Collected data
________________________

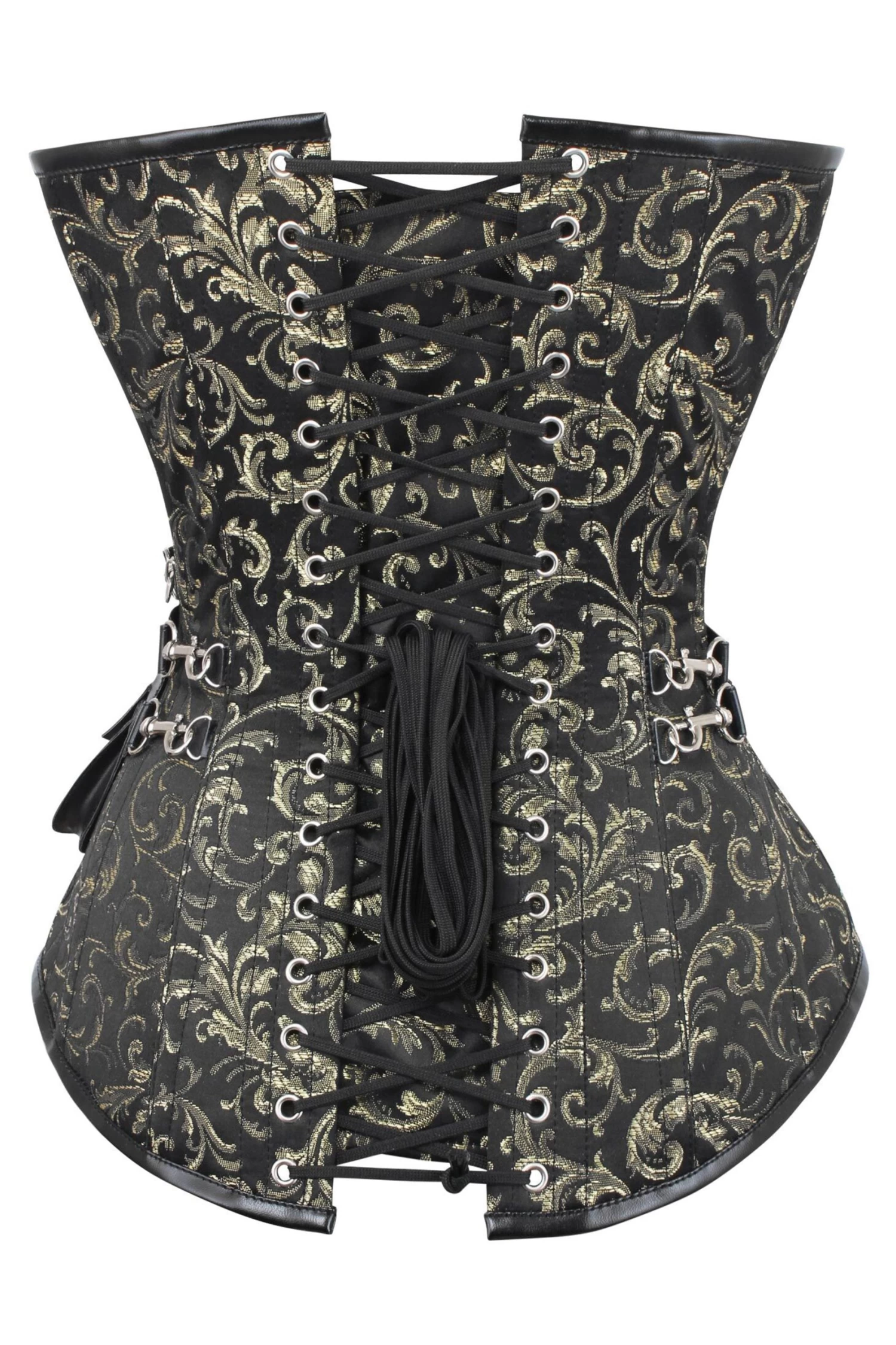 Goldener Brokatstoff und schwarzes Kunstleder – ein Paar vereint im Steampunk Himmel?! Dieses atemberaubende Design wird definitiv Aufmerksamkeit erregen mit einer niedlichen doppelten Tasche und einem Gürtel für eine militärische Note. Mit einer eindrucksvollen Taillenreduzierung von bis zu 4 Zoll, dass ist das Design welches Sie für die Super-Silhouette brauchen!
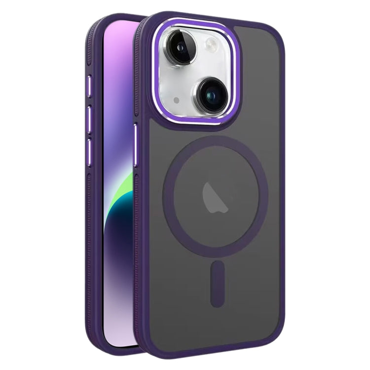 Estuche Magnético para Teléfono iPhone 14 Plus Magsafe Esmerilado Dos Colores (Púrpura)
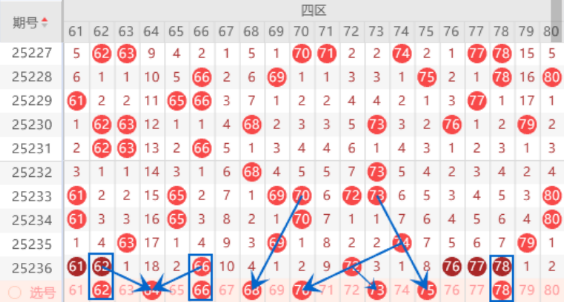 该区间上期开出了60 61 62号数字的三连号,本期我们注意一下出重号的情况,其中的61 62号数字可以重点关注一下。本期的最大冷号64号数字注意一下出号情况,本期可以防守一下61 64号数字同出的情况。本期的68 70号数字都是属于三斜连号码,本期我们注意出一个号码的情况。本期的73号数字我们注意一下出号情况,毕竟上期开出了72号数字,本期是有可能走分边的。上期开出了76 77 78号数字的三连号,本期我们注意一下出一个重号的情况,其中的78号数字我们可以重点关注一下。
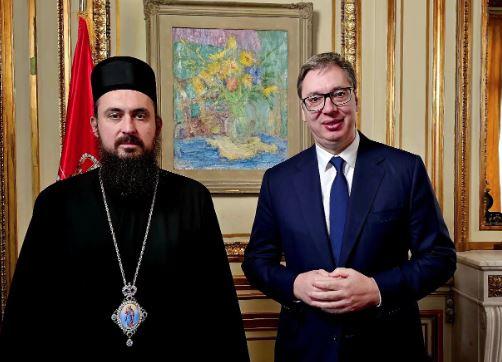 Predsednik Srbije Aleksandar Vučić sastao se danas u Parizu sa episkopom zapadnoevropskim Justinom sa kojim je razgovarao o podršci koju crkva pruža Srbima koji žive u Zapadnoj Evropi.
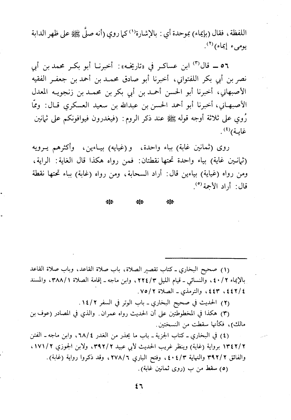 56 - قَالَ ابْن عَسَاكِر فِي تَارِيخه اُخْبُرْنَا ابو بكر مُحَمَّد بن أبي نصر بن أبي بكر اللفتواني اُخْبُرْنَا ابو صَادِق مُحَمَّد بن احْمَد بن جَعْفَر الْفَقِيه الاصبهاني اُخْبُرْنَا ابو الْحسن احْمَد بن أبي بكر بن مُحَمَّد بن زَنْجوَيْه الْمعدل الاصبهاني اُخْبُرْنَا ابو احْمَد الْحسن بن عبد الله بن سعيد العسكري قَالَ وَمِمَّا رُوِيَ على ثَلَاثَة اوجه قَالَ صلى الله عَلَيْهِ وَسلم عِنْد ذكر الرّوم
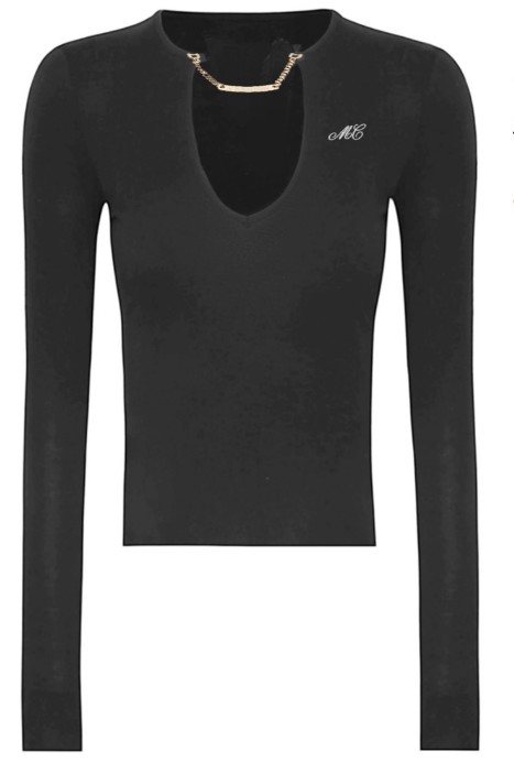 SAINT LAURENT SS21 纯色蕾丝喇叭长袖衬衫 女款 黑色

________________________

Brief ▸ Write out again every line above exactly as given; the pictures do not belong in the copy.

Result for this task ▸
 Goldener Brokatstoff und schwarzes Kunstleder – ein Paar vereint im Steampunk Himmel?! Dieses atemberaubende Design wird definitiv Aufmerksamkeit erregen mit einer niedlichen doppelten Tasche und einem Gürtel für eine militärische Note. Mit einer eindrucksvollen Taillenreduzierung von bis zu 4 Zoll, dass ist das Design welches Sie für die Super-Silhouette brauchen!
 Estuche Magnético para Teléfono iPhone 14 Plus Magsafe Esmerilado Dos Colores (Púrpura)
 该区间上期开出了60 61 62号数字的三连号,本期我们注意一下出重号的情况,其中的61 62号数字可以重点关注一下。本期的最大冷号64号数字注意一下出号情况,本期可以防守一下61 64号数字同出的情况。本期的68 70号数字都是属于三斜连号码,本期我们注意出一个号码的情况。本期的73号数字我们注意一下出号情况,毕竟上期开出了72号数字,本期是有可能走分边的。上期开出了76 77 78号数字的三连号,本期我们注意一下出一个重号的情况,其中的78号数字我们可以重点关注一下。
 Predsednik Srbije Aleksandar Vučić sastao se danas u Parizu sa episkopom zapadnoevropskim Justinom sa kojim je razgovarao o podršci koju crkva pruža Srbima koji žive u Zapadnoj Evropi.
 56 - قَالَ ابْن عَسَاكِر فِي تَارِيخه اُخْبُرْنَا ابو بكر مُحَمَّد بن أبي نصر بن أبي بكر اللفتواني اُخْبُرْنَا ابو صَادِق مُحَمَّد بن احْمَد بن جَعْفَر الْفَقِيه الاصبهاني اُخْبُرْنَا ابو الْحسن احْمَد بن أبي بكر بن مُحَمَّد بن زَنْجوَيْه الْمعدل الاصبهاني اُخْبُرْنَا ابو احْمَد الْحسن بن عبد الله بن سعيد العسكري قَالَ وَمِمَّا رُوِيَ على ثَلَاثَة اوجه قَالَ صلى الله عَلَيْهِ وَسلم عِنْد ذكر الرّوم
 SAINT LAURENT SS21 纯色蕾丝喇叭长袖衬衫 女款 黑色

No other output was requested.